> Brief: Exclude the pictures, then copy word for word the lines running from the beginning of the records through the line with "Die Handballfrauen des".

> Data excerpts:
────────

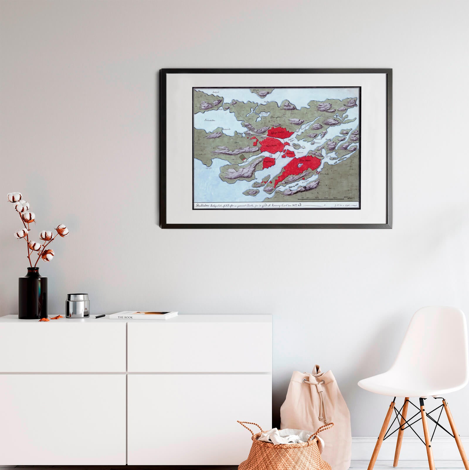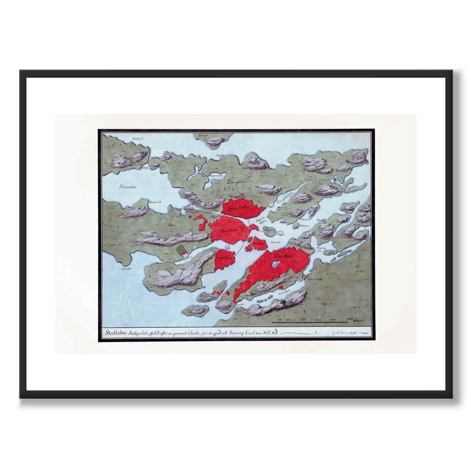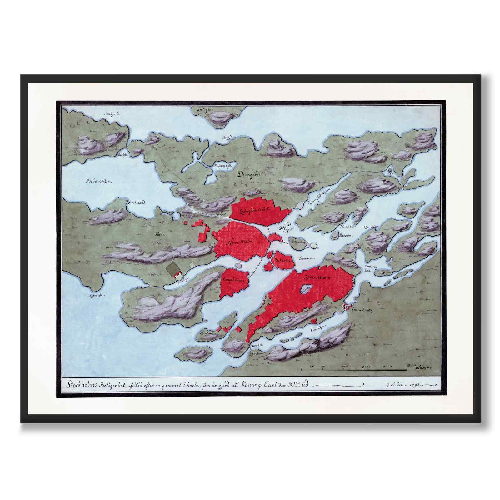 Poster med en gammal karta över Stockholm år 1817. På kartan ser vi bland annat texten "Stockholms belägenhet, afritad efter en gammal charta, som är gjord uti konung Carl den XI.tes tid".
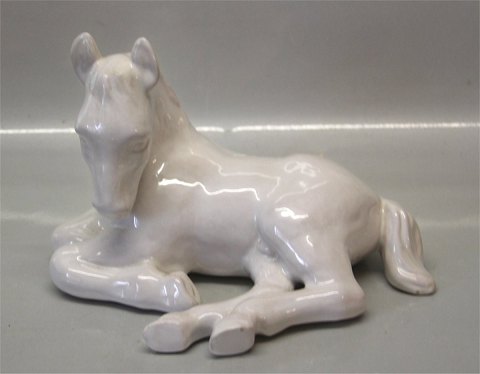 Beskrivelse: Michael Andersen Bornholm keramik Liggende hvidt føl 16 x 24 cm Mærket ,med de tre fisk i trekant 1078-1 F
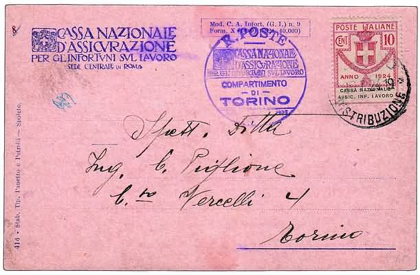 REGNO D'ITALIA VARIETA' - 1924, Parastatali, 10 c. Cassa Nazionale Assic. Inf. Lavoro con varietà "L" rotta (18d) su cartolina amministrativa da Torino per città, 24/7/24.(LETTERA)
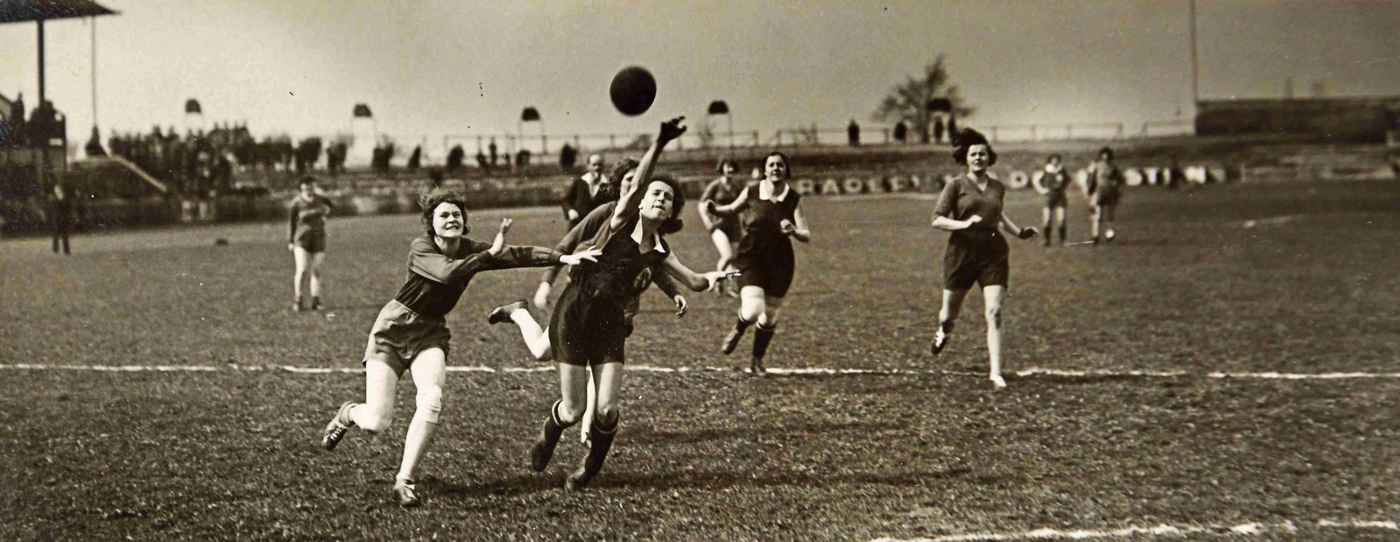 Die Handballfrauen des 1. FCN bei einem Spiel im Jahr 1930.
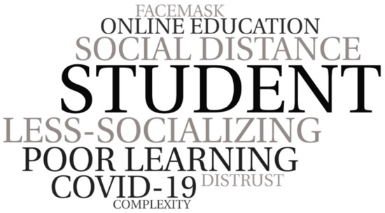 Student testimonies suggest that COVID-19 had a negative influence on the relationships among the students themselves (Figure 3). This perception is based on comments in which the respondents express that there has been a negative impact on the socialization of the student body, an increase in distrust and fear among them, and in some cases, episodes of anxiety and tension, which attenuated over time. The feeling of strangeness flooded the space and the forms of relationships, which became more complex. In addition, they argue that moments of cooperation and teamwork decreased substantially, so the possibilities for shared learning diminished. In addition, there are difficulties in oral expression. This perception is accompanied by an explanation about the causes, derived from the health situation. They point to the new organization of the center’s spaces and resources. The bubble groups, the obligatory use of masks, the increase in online learning experiences, the ban on the exchange of school material, the reduction in the number of pupils per classroom and less space for pupils to work and move around are the most prominent. Additionally, they warn of the previous situation, which was marked by a long period of confinement, with a high level of social distancing among pupils and which was also marked by a high prominence of screens as a substitute for the direct interaction among peers.

────────

> Written reply:
 Poster med en gammal karta över Stockholm år 1817. På kartan ser vi bland annat texten "Stockholms belägenhet, afritad efter en gammal charta, som är gjord uti konung Carl den XI.tes tid".
 Beskrivelse: Michael Andersen Bornholm keramik Liggende hvidt føl 16 x 24 cm Mærket ,med de tre fisk i trekant 1078-1 F
 REGNO D'ITALIA VARIETA' - 1924, Parastatali, 10 c. Cassa Nazionale Assic. Inf. Lavoro con varietà "L" rotta (18d) su cartolina amministrativa da Torino per città, 24/7/24.(LETTERA)
 Die Handballfrauen des 1. FCN bei einem Spiel im Jahr 1930.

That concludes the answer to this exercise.